## Task brief
Using the data below, return word for word every line from the one holding "Effortless control &" down to the one holding "Pre-flowering applications ensure". Leave pictures out.

Recorded data

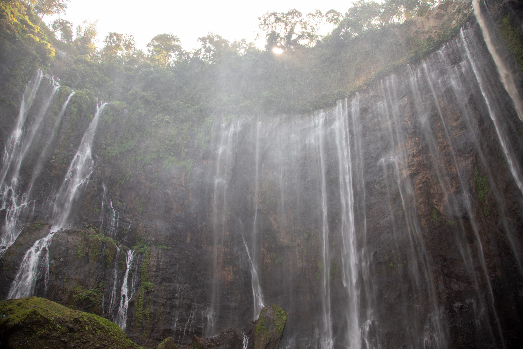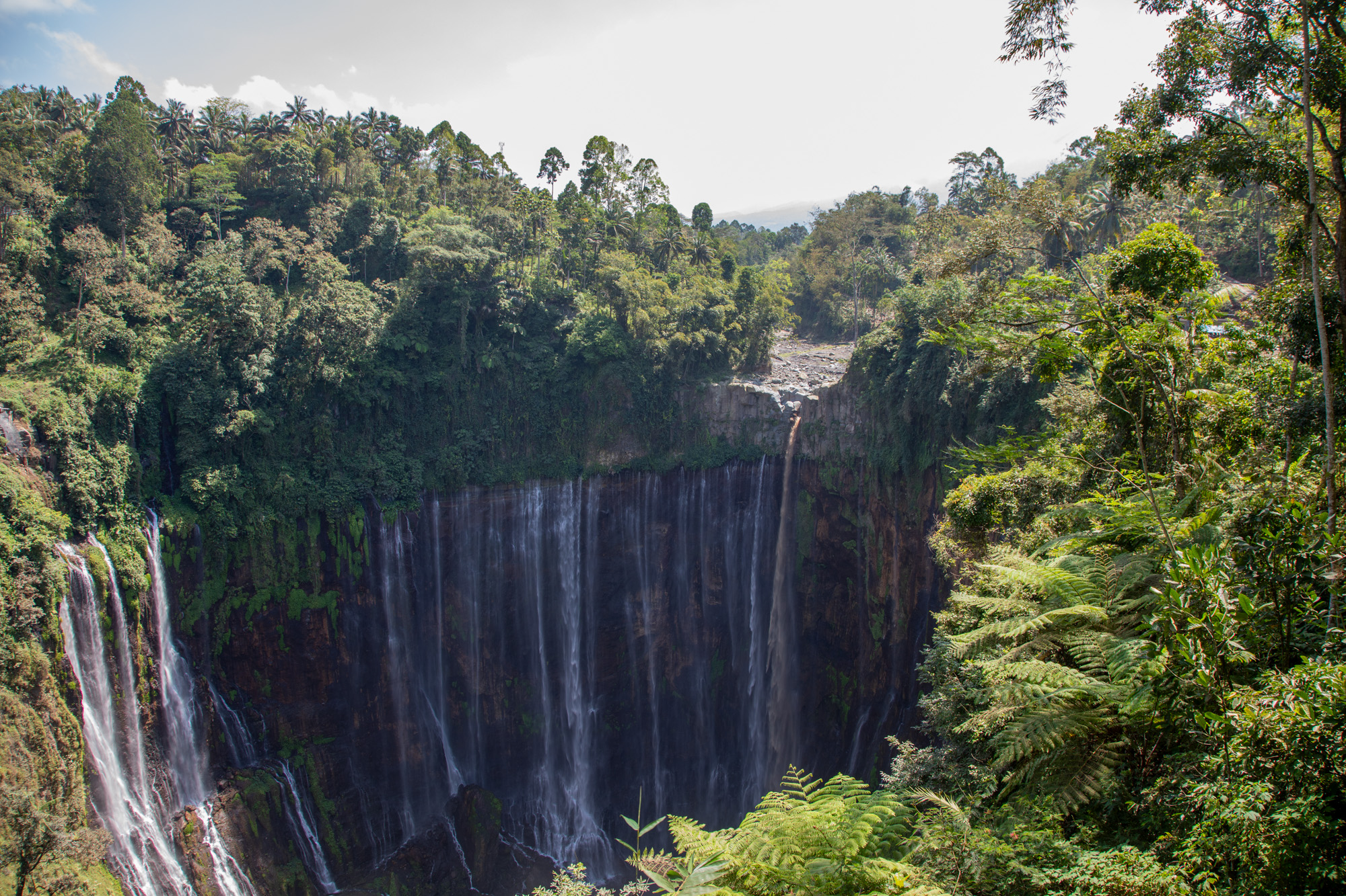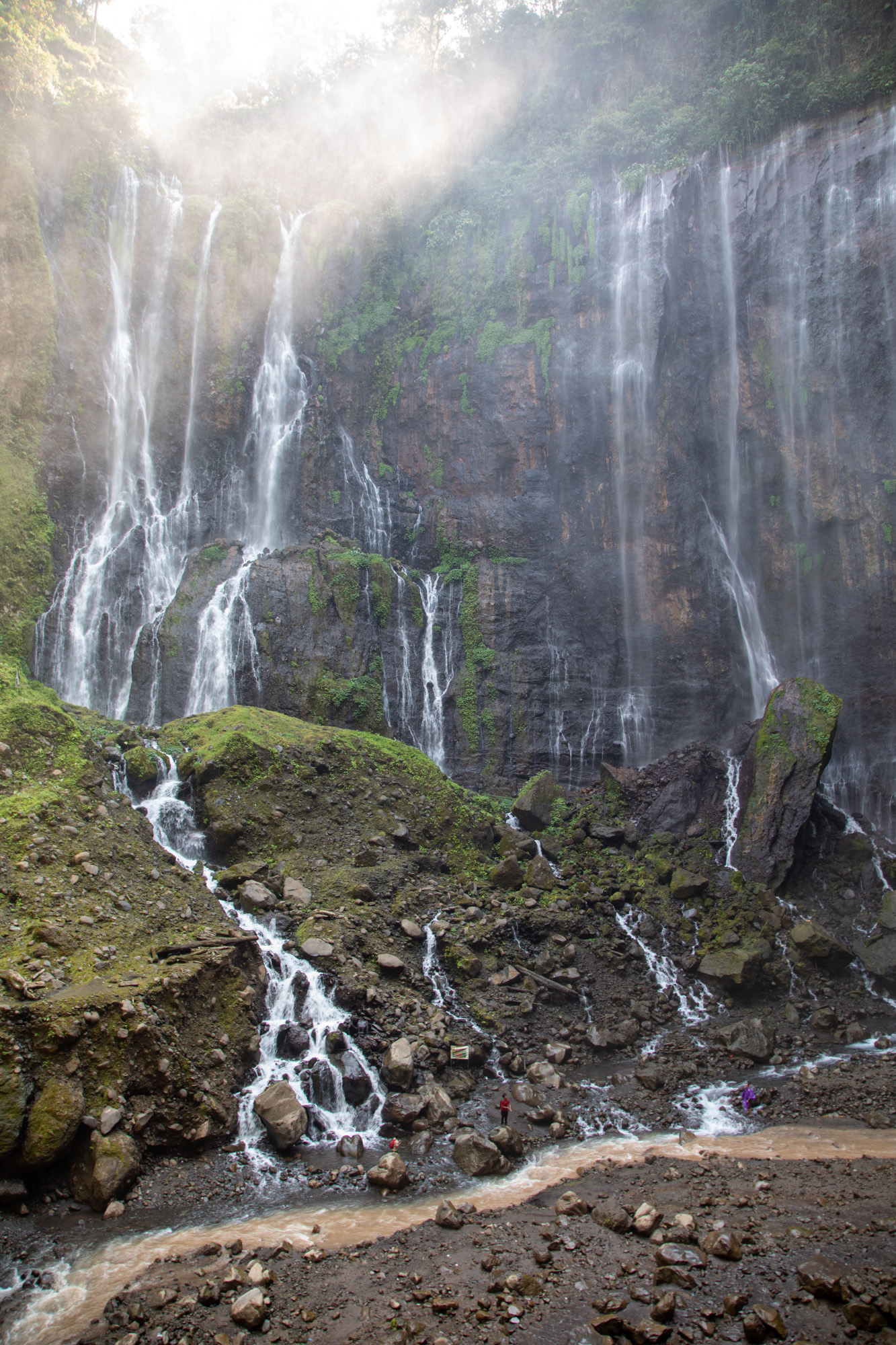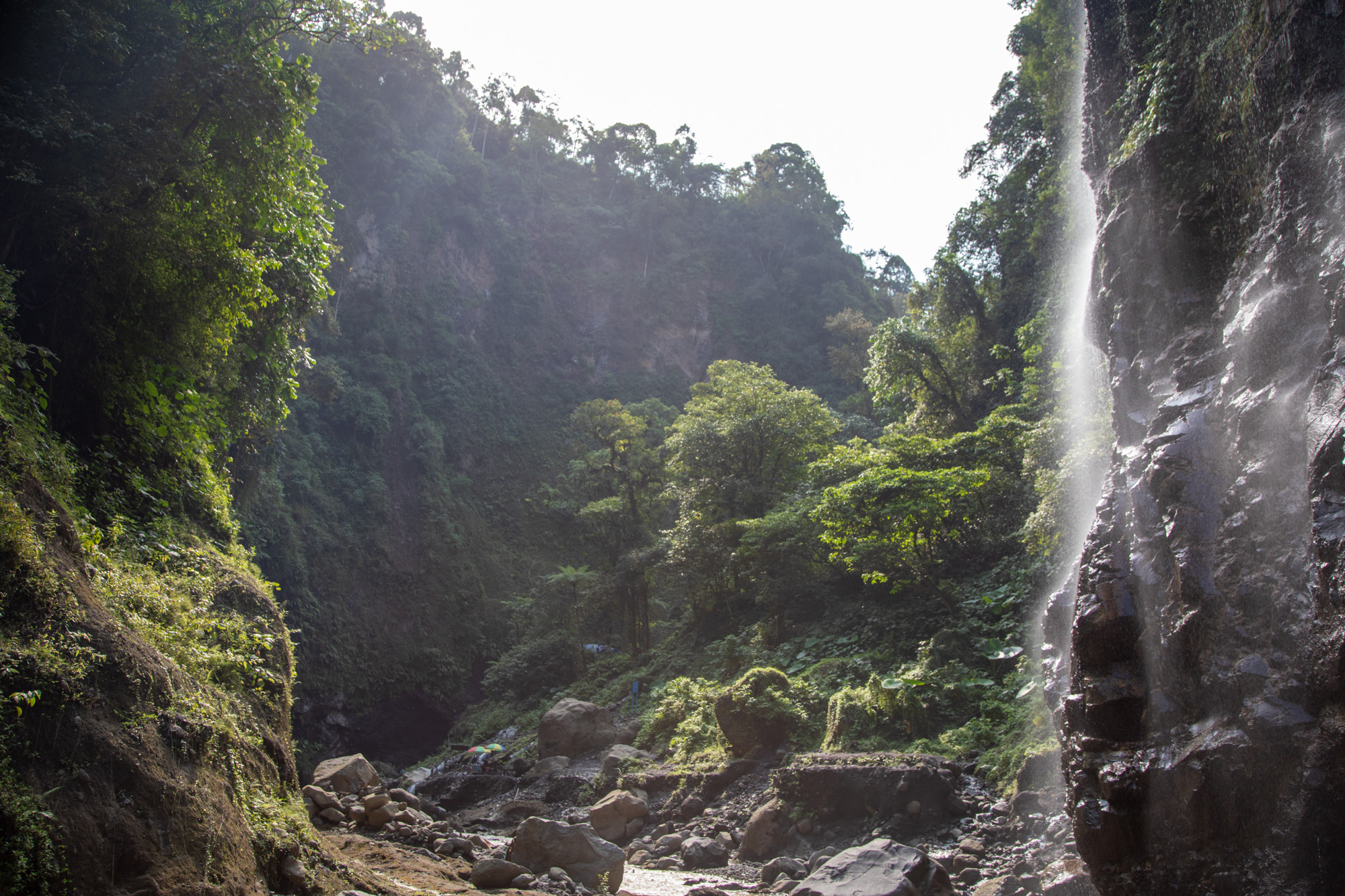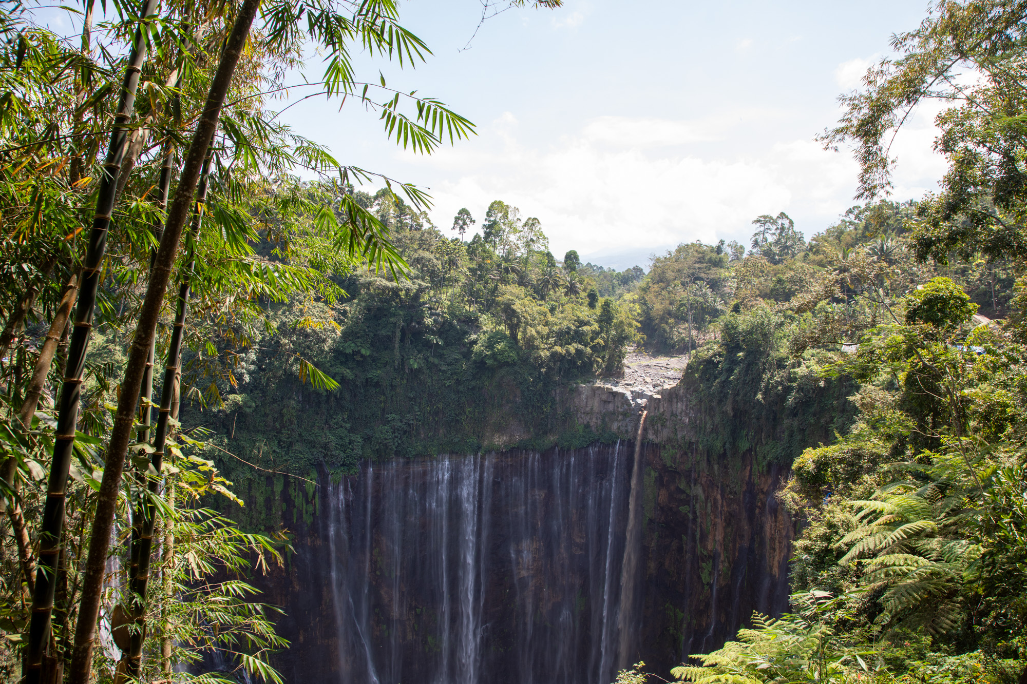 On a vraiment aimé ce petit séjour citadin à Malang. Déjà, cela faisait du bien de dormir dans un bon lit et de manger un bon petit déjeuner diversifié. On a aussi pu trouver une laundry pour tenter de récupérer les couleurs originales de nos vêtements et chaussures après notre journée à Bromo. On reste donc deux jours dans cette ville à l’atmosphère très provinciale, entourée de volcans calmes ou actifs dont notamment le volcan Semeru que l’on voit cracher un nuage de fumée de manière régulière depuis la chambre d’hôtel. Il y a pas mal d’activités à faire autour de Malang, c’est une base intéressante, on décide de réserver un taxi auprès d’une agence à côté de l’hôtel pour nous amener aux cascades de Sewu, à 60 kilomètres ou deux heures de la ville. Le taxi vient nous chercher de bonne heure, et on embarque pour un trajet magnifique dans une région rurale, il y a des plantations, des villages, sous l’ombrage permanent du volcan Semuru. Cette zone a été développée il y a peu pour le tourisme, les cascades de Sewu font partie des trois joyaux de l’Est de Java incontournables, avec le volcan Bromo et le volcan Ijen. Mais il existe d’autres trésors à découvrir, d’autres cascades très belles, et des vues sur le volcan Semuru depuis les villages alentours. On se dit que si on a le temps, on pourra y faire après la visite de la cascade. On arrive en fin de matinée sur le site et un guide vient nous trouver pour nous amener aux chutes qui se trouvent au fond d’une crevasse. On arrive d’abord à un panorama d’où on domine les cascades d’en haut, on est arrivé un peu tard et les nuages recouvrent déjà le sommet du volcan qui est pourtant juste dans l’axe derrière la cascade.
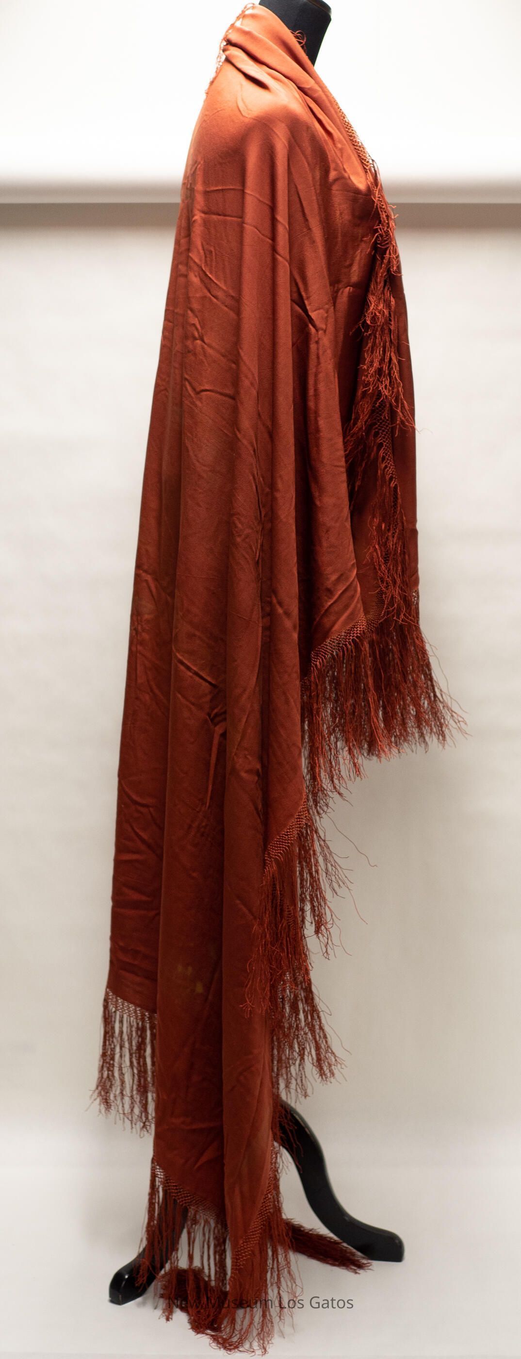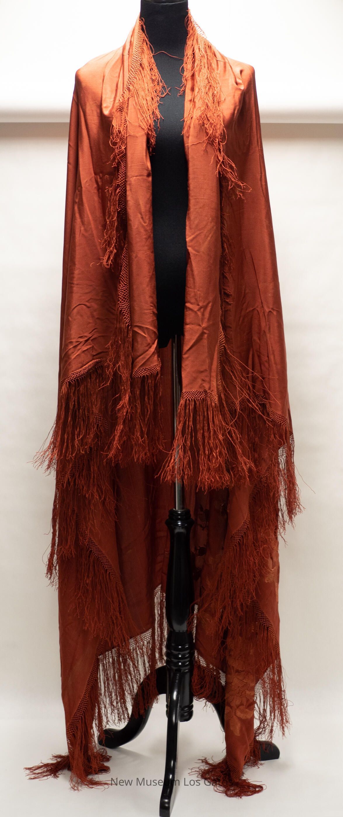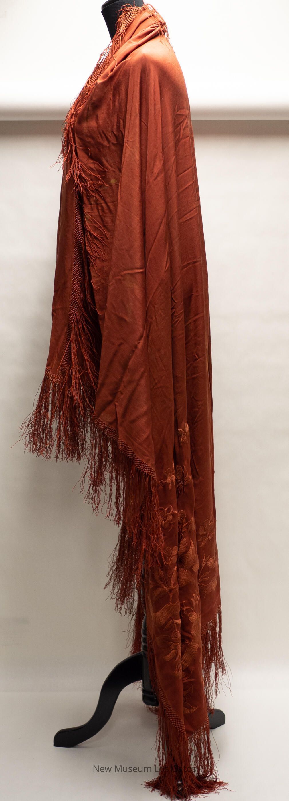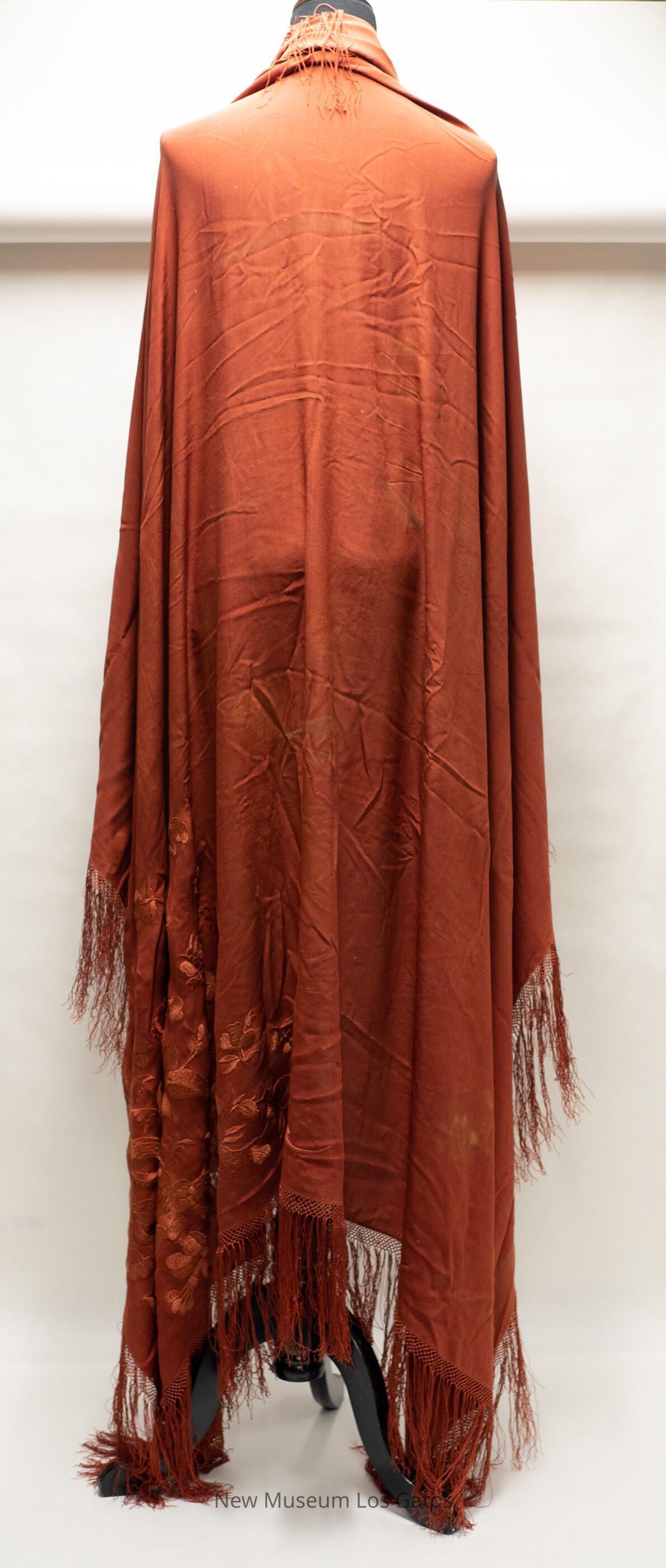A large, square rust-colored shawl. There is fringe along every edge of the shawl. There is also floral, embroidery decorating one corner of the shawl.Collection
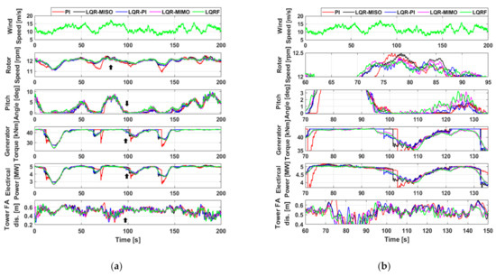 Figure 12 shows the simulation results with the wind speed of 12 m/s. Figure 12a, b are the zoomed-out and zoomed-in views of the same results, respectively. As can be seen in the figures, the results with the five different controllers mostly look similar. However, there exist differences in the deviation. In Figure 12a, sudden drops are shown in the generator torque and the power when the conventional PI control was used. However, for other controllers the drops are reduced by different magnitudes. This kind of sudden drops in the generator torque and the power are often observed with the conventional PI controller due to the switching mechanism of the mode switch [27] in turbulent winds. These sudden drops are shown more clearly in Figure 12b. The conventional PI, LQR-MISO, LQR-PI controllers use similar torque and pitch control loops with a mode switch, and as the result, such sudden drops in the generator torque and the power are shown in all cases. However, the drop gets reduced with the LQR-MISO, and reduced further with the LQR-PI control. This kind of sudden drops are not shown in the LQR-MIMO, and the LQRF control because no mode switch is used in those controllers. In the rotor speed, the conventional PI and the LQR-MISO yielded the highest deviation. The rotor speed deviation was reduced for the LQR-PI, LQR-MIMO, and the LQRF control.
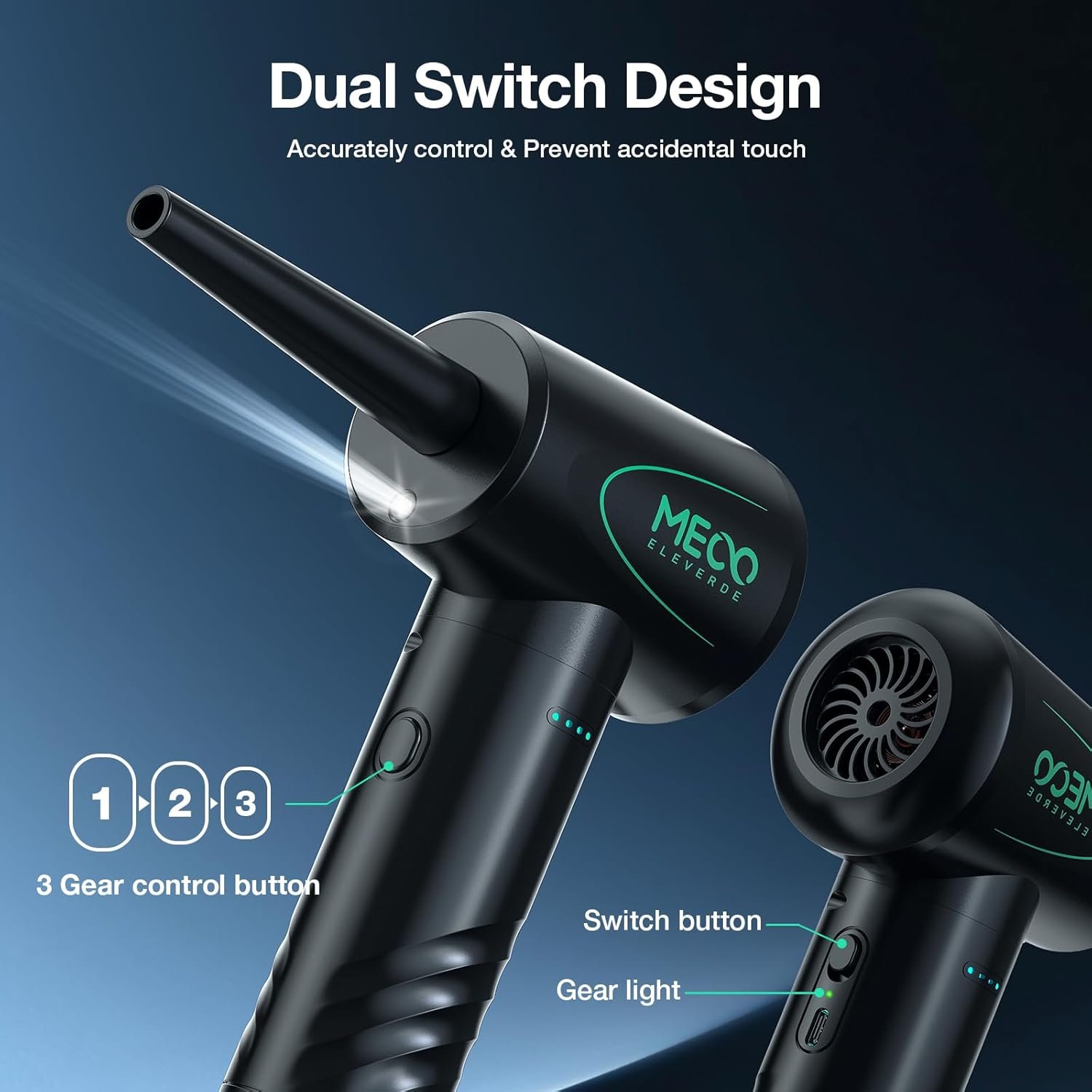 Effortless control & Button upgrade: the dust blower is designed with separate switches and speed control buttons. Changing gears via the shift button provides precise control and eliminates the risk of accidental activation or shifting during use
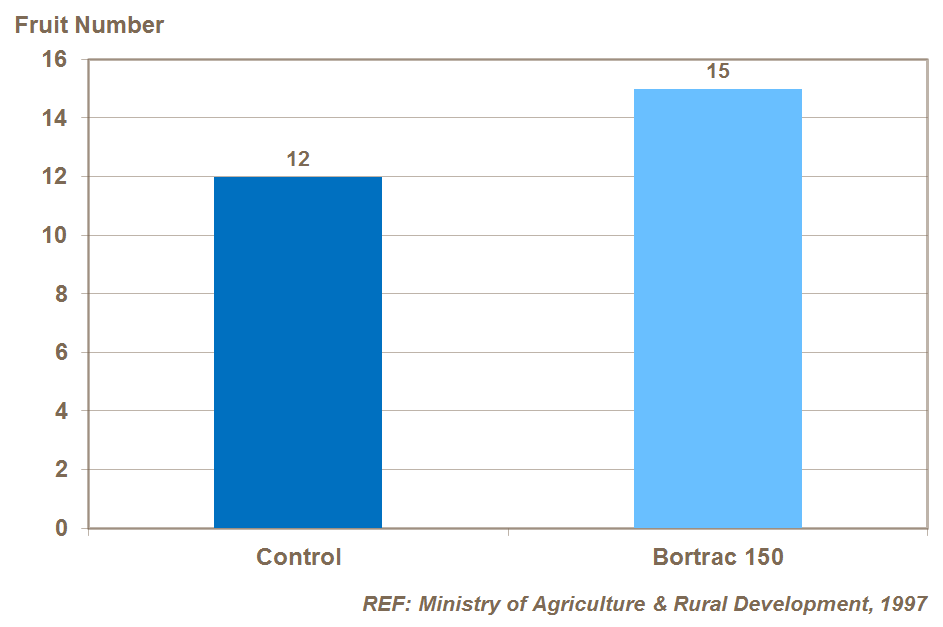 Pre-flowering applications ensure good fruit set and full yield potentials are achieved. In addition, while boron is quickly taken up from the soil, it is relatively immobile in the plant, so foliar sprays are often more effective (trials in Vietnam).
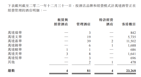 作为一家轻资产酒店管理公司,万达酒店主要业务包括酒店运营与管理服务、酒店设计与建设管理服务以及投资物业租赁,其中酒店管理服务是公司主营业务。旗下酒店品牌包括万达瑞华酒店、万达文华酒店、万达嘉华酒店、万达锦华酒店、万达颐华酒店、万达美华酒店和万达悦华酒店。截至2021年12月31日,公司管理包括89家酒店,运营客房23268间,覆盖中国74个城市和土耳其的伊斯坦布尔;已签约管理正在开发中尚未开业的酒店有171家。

## Task response
 Effortless control & Button upgrade: the dust blower is designed with separate switches and speed control buttons. Changing gears via the shift button provides precise control and eliminates the risk of accidental activation or shifting during use
 Pre-flowering applications ensure good fruit set and full yield potentials are achieved. In addition, while boron is quickly taken up from the soil, it is relatively immobile in the plant, so foliar sprays are often more effective (trials in Vietnam).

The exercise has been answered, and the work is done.